The CSE was responding to statements by Dabur and Patanjali claiming that the honey sold by them meets all domestic testing standards.
“That is what we have been saying—that the business of adulteration is sophisticated. The Indian labs testing for parameters set by the FSSAI could not detect this evolved adulteration,” the environment watchdog said.
“We have also noted that Dabur is constantly changing the language on its claims regarding NMR tests. In earlier advertisements, it has said ‘NMR tested, pure honey’; as of today—after the release of the CSE investigation—Dabur is claiming ‘source NMR tested’,” said CSE director general Sunita Narain.
“Is this jugglery another attempt to confuse the consumer?” she asked.
The Centre for Science and Environment had on Wednesday claimed that honey sold by several major brands in India has been found to be adulterated with sugar syrup.
In a study conducted by it, the CSE’s food researchers selected 13 top and smaller brands of processed and raw honey being sold in the country to check their purity. They found 77 per cent of the samples adulterated with the addition of sugar syrup.
Out of the 22 samples checked, only five passed all the tests. The CSE also specified the names of the brands.
Dabur and Patanjali were among those that failed the NMR (Nuclear Magnetic Resonance) test.
Both companies have questioned the not-for-profit environment organisation’s claims that the varieties of honey sold by them are adulterated with sugar syrup, alleging that the study seems to be motivated and aimed at maligning their brands.
The two companies also clarified that their products meet all Indian standards.
The CSE, in a statement, responded to the claims made by Dabur and Patanjali said, “Any claim of meeting all Indian standards actually holds limited value”.
“We stand by our findings. Our findings have revealed that 10 out of 13 brands have failed all tests of purity. Most of these are big brands, including Dabur. This is not only about Dabur. In fact, we have talked about how smaller brands are also adulterated,” the environment watchdog said.

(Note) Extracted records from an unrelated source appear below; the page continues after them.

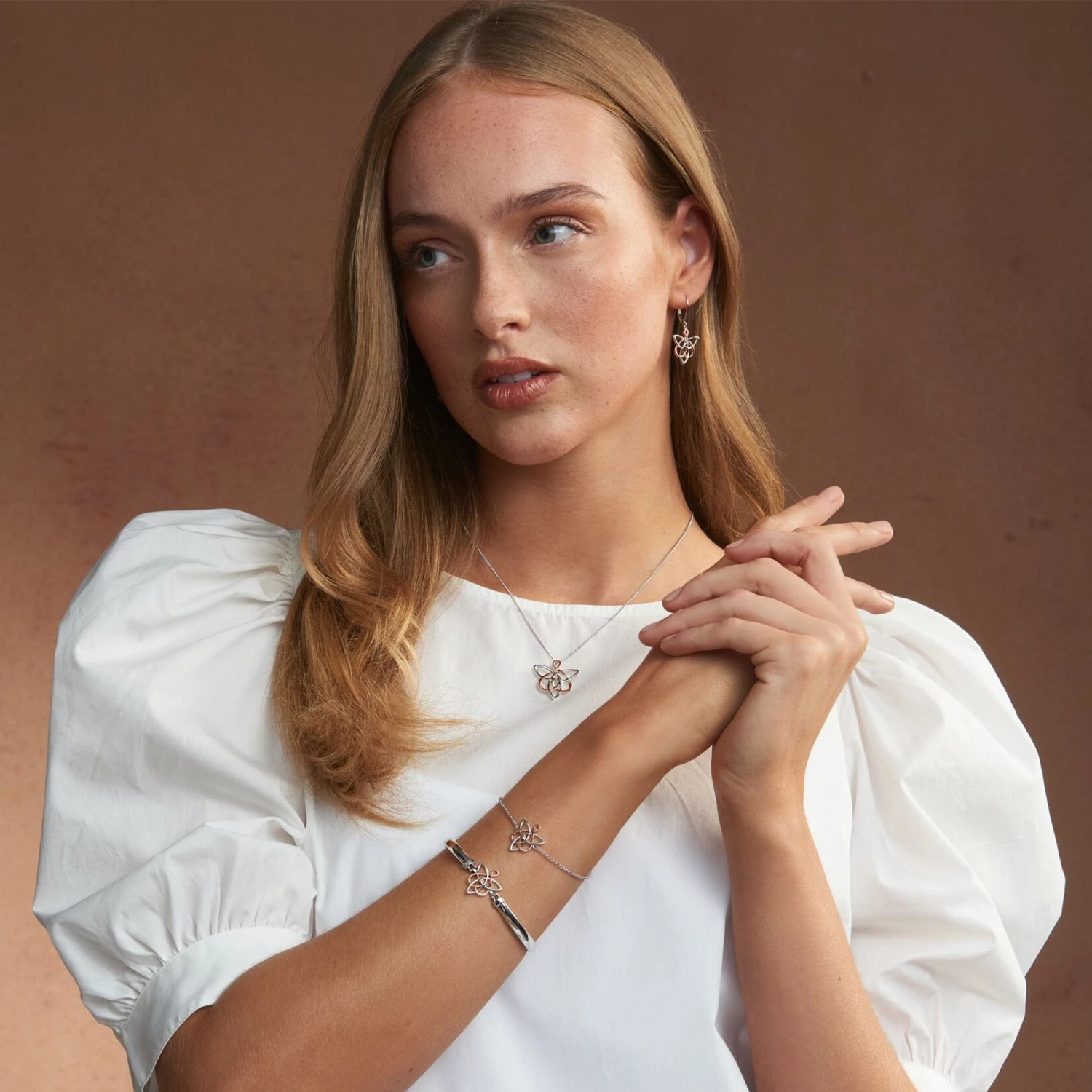 Spark your imagination and add a sprinkle of enchantment to life with this beautiful Fairies of the Mine Silver Bangle, which recalls the mythical little people said to inhabit the grounds of the Clogau St David’s gold mine. Interlocking patterns of sterling silver and 9ct rose gold weave their magic to create a truly charming design that’s sure to cast a spell on everyone.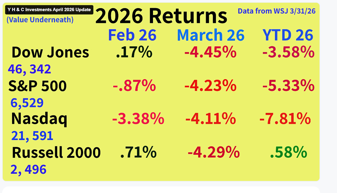 (Return figures come from the March 31, 2026, edition of the Wall St. Journal. Y H & C Investments may have positions in companies mentioned in this newsletter. Nothing in the newsletter should be taken as an offer to buy or sell individual securities. It is the responsibility of each investor to research the investments mentioned so they can decide on the appropriateness and suitability of the investments consistent with their risk tolerance, risk constraints, and return objectives.)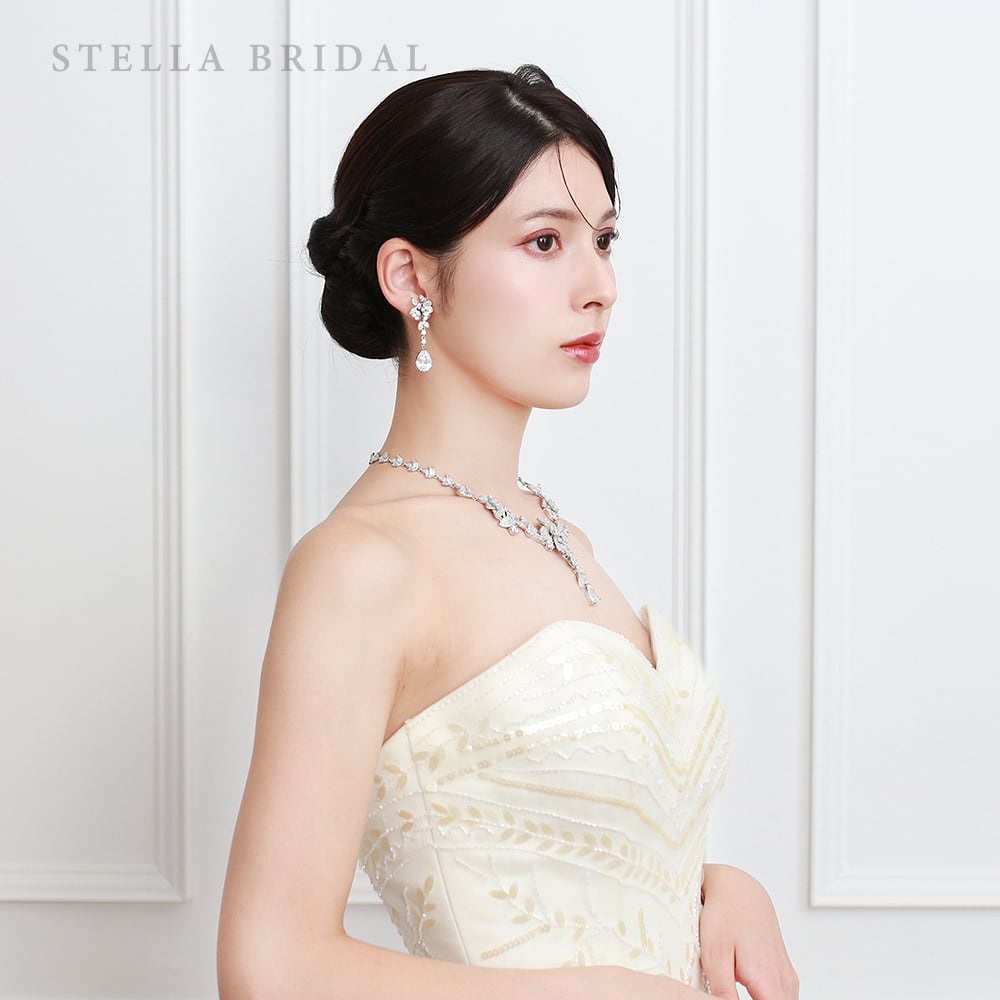 このウェディングジュエリーはまるでダイヤモンドの様な輝きで見る人を惹き付け、最高の日を迎える花嫁様をより美しく、ドラマチックに演出します。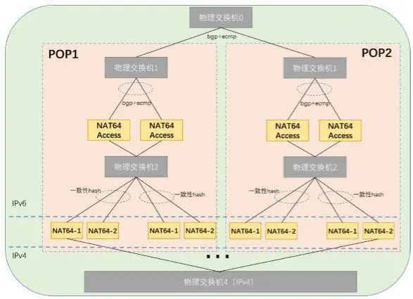 NAT64 Access与物理交换机1组成三层网络,通过BGP向物理交换机1宣告一个/96的IPv6地址段,作为该地域的IPv6 prefix。POP1与POP2中Access向外宣告的地址段相同,实现负荷分担和POP点级别的容灾。同理,POP点内两个Access之间也是负荷分担和容灾。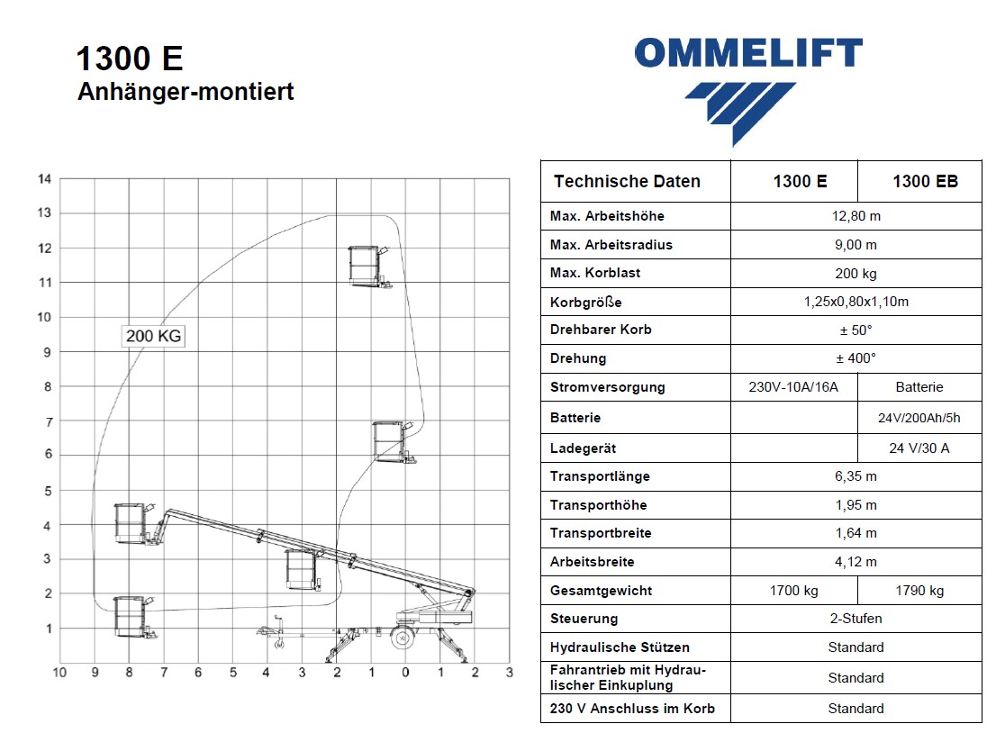 - Maximale Arbeitshöhe: 12,80 m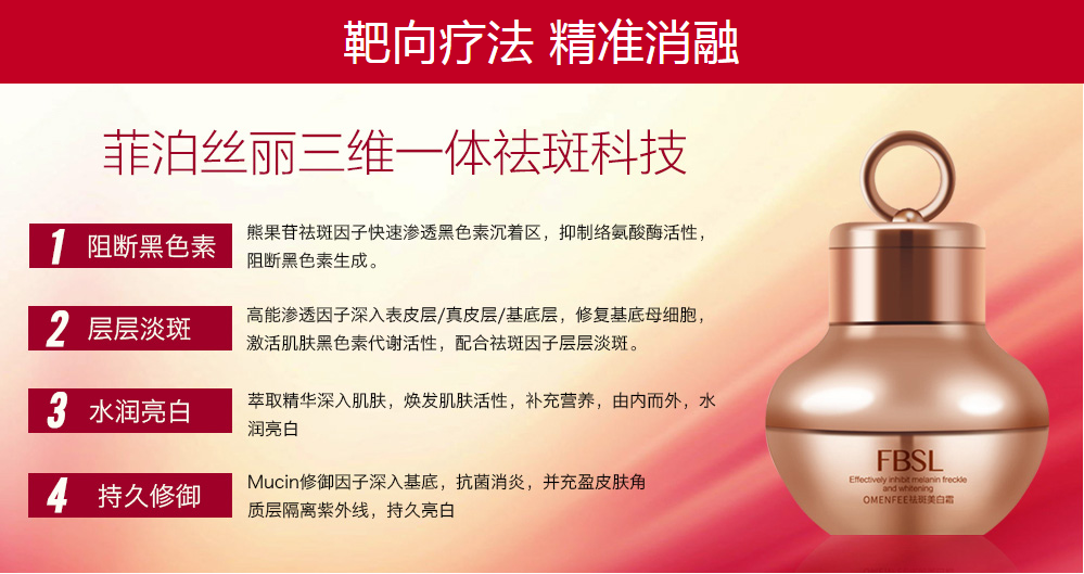 菲泊丝丽是一款能够深度祛斑的祛斑霜,主要成分有库拉索芦荟(美白嫩肤,改善肤色),熊果苷(深层祛斑,高效美颜),MUCIN(抗菌修复,隔离防护),纯植物配方温和不刺激,宝妈也是可以安心使用的,“天然安全祛斑”的理念,是菲泊丝丽23年来一直遵循的理念,承诺以最安全,最天然的方法,让你的肌肤呈现最完美的白净美,这也是为什么菲泊丝丽一直都备受用户关注与推崇的原因!此外这也是市面上第一款祛斑美白为一体的祛斑霜,让你祛斑的同时更能美白嫩肤打造你的完美肌肤!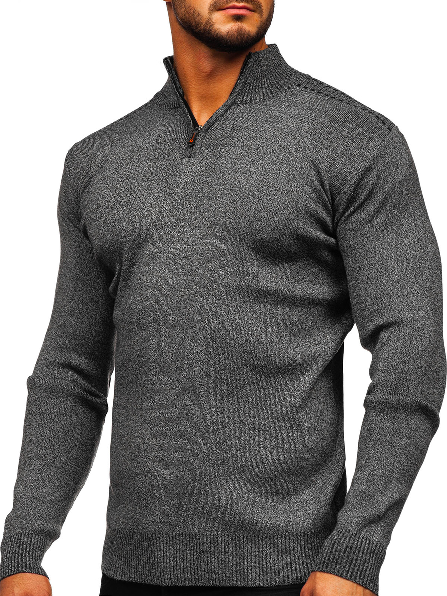Отзиви и мнения на потребители за Графитен мъжки пуловер с вгината яка Bolf S8279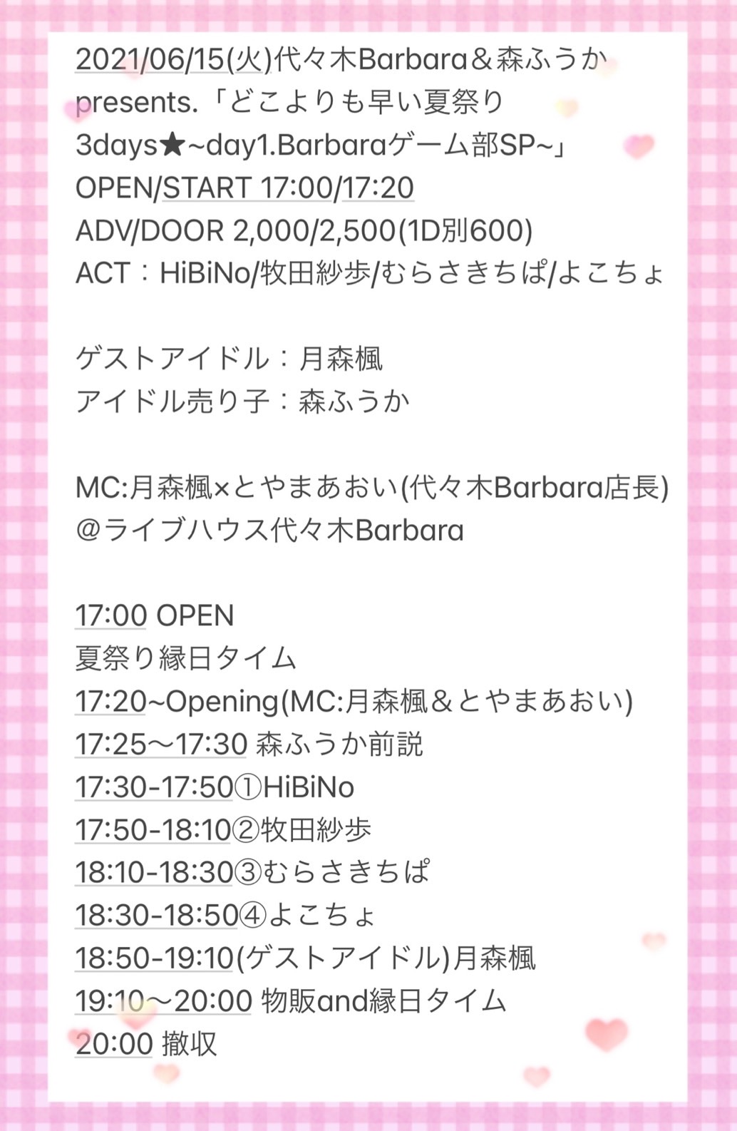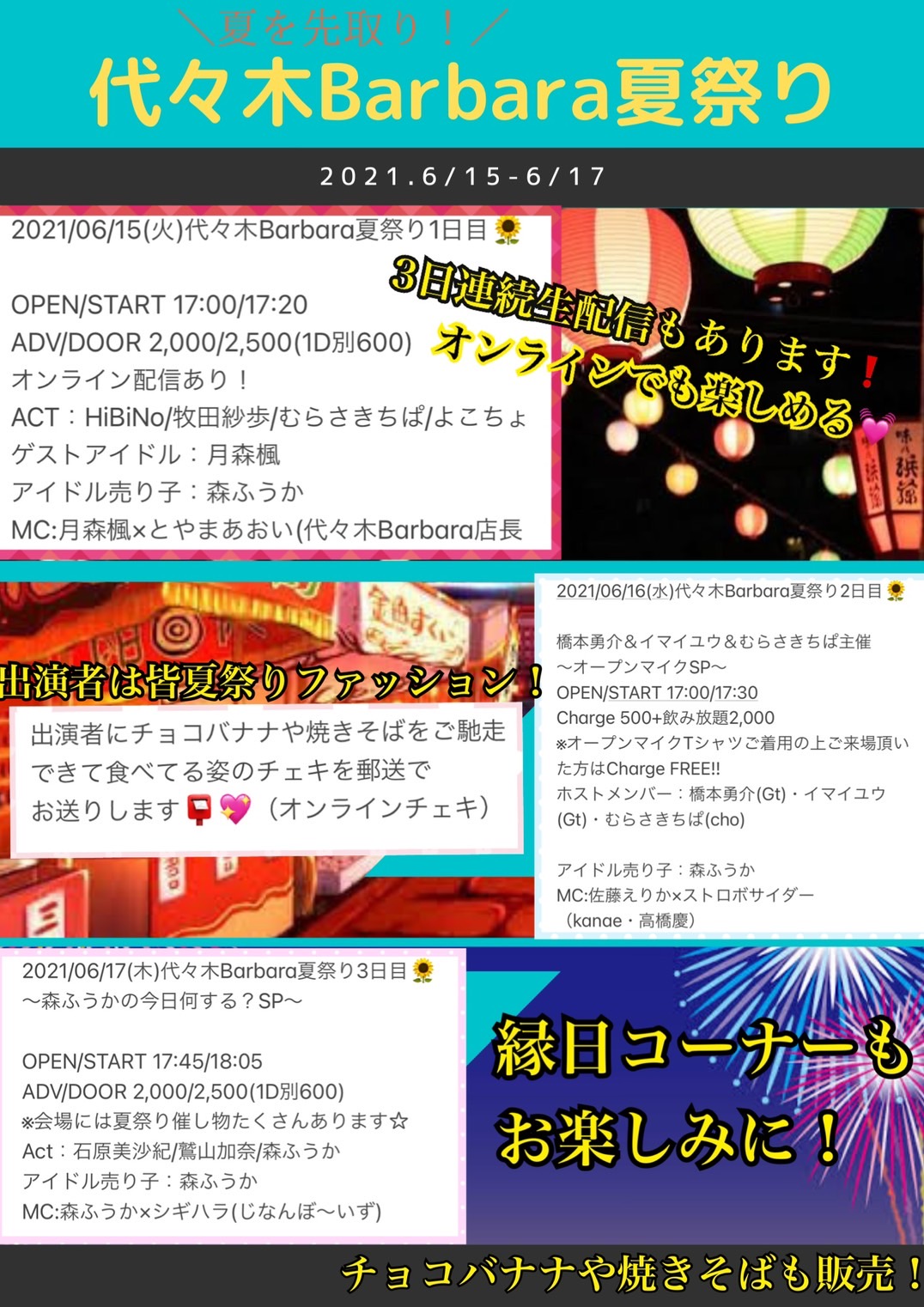 2021/06/15(火)代々木Barbara&森ふうかpresents.「どこよりも早い夏祭り3days★~day1.Barbaraゲーム部SP~」

The CSE further said Dabur’s claim about compliance with Indian laws comes as “no surprise”.
“The fact that samples deliberately adulterated by us by up to 50 per cent of syrups passed all Indian tests is a robust proof of this (sophisticated adulteration). So, any claim of meeting all Indian standards actually holds limited value,” it said.
The CSE further said the NMR test report available on Dabur’s website and shared with the media in support of the company’s statement is a report of the Bruker equipment/machine for NMR profiling.
On allegations of Patanjali that the move is to promote the German technology, the CSE said NMR test is being used in different parts of the world for the same reason and even the Indian government has mandated it since August 2020 for honey meant to be exported.
“So, it could be important to include such advanced testing in government testing system that can help the enforcement agencies to know if the honey sold to consumers is adulterated or not. It can also help the agencies know which companies are selling adulterated honey, which is a crime, and take required punitive action against the defaulters,” the CSE said.